The Little Things That Paint the Clearest Picture

I saw a humming bird, the other day. It was early in the morning, and I’d just gotten done putting my hammock up. I heard him fly a little too close, and looked around for a bug. It had to be a bug…. right? No. It was not. Here’s this bird–little silver fellow–hovering right about eye level, and not more than five feet away. We just stared at each other for a moment, and then, he was gone.

Holy crap, humming birds are amazing.

And for a while, I just stood there, being amazed.
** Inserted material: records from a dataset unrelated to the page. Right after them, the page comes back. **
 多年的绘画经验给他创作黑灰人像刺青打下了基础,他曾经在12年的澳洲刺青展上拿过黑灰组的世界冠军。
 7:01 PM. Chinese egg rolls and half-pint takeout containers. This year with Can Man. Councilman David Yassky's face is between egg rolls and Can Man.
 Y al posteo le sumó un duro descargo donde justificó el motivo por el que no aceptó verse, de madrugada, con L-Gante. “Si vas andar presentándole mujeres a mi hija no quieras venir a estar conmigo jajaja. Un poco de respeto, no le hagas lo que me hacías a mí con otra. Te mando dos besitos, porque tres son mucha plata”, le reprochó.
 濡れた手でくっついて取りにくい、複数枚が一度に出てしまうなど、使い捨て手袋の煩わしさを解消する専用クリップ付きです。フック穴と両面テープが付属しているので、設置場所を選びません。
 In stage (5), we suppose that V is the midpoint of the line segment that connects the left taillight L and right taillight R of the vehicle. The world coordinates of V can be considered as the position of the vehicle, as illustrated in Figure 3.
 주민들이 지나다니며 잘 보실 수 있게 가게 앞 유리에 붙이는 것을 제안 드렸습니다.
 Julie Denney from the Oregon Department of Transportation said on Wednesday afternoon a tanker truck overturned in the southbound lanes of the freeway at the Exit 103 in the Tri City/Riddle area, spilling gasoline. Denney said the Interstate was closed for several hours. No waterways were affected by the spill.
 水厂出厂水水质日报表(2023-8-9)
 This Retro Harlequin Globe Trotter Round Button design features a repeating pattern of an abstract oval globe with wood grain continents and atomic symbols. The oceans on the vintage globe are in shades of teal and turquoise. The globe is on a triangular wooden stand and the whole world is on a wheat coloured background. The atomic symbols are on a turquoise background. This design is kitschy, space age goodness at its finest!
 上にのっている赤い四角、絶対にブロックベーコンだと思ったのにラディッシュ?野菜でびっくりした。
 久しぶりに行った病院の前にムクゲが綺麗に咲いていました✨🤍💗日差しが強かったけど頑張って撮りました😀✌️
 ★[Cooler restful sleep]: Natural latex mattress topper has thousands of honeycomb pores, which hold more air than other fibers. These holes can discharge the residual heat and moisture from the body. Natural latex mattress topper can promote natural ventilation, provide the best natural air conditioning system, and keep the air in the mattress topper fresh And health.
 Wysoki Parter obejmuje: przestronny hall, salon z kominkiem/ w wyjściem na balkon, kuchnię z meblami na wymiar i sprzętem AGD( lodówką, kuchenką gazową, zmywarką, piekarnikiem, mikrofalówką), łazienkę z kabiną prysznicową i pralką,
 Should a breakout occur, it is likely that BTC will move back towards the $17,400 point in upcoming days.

Then, reality set in. We do not have humming birds in my neck of the woods. Or, at least… we’re not supposed to have humming birds. We’re a little too far north. A little too cold in the winter. The ever-optimistic chain stores send us hummingbird feeders every year, and every year, I’ve heard my mother’s A local store would know we don’t have humming birds litany.

Except… we do have humming birds.


Hello, humming bird. You’re amazing. What are you doing here?

It’s the little changes. Things you don’t see first-hand, unless you’ve been in a place for a long time.

Here’s another one.

Photo showing ten or twelve sandburrs on my shoe, sock and jeans.

Now, where did those come from?

I did not miss sand burrs one bit, when I moved here as a kid, but apparently, they finally caught up. They’re unpleasant little fuckers that occupy that unsavory middle-ground between needle and splinter. This little collection? Maybe about ten or fifteen yards’ worth, and on the same road that I always walk home on. They’re new. Never had to think twice about walking in that ditch, before.

It’s not exactly The Day After Tomorrow, but it definitely is climate change.

And a more cheerful picture, just to end on a happy note.


  1. A.S. Akkalon


    Hummingbirds are incredible. I’m sorry(?) you have them now.

  2. Lita


    Weird, wonderful, and worrying. And how prescient of that local store! 🙂

    • Reply

      I don’t know if I should get a feeder, or not. On the one hand, I don’t want to encourage them to stay. On the other hand, if they do, they can probably use a little help to get by this winter.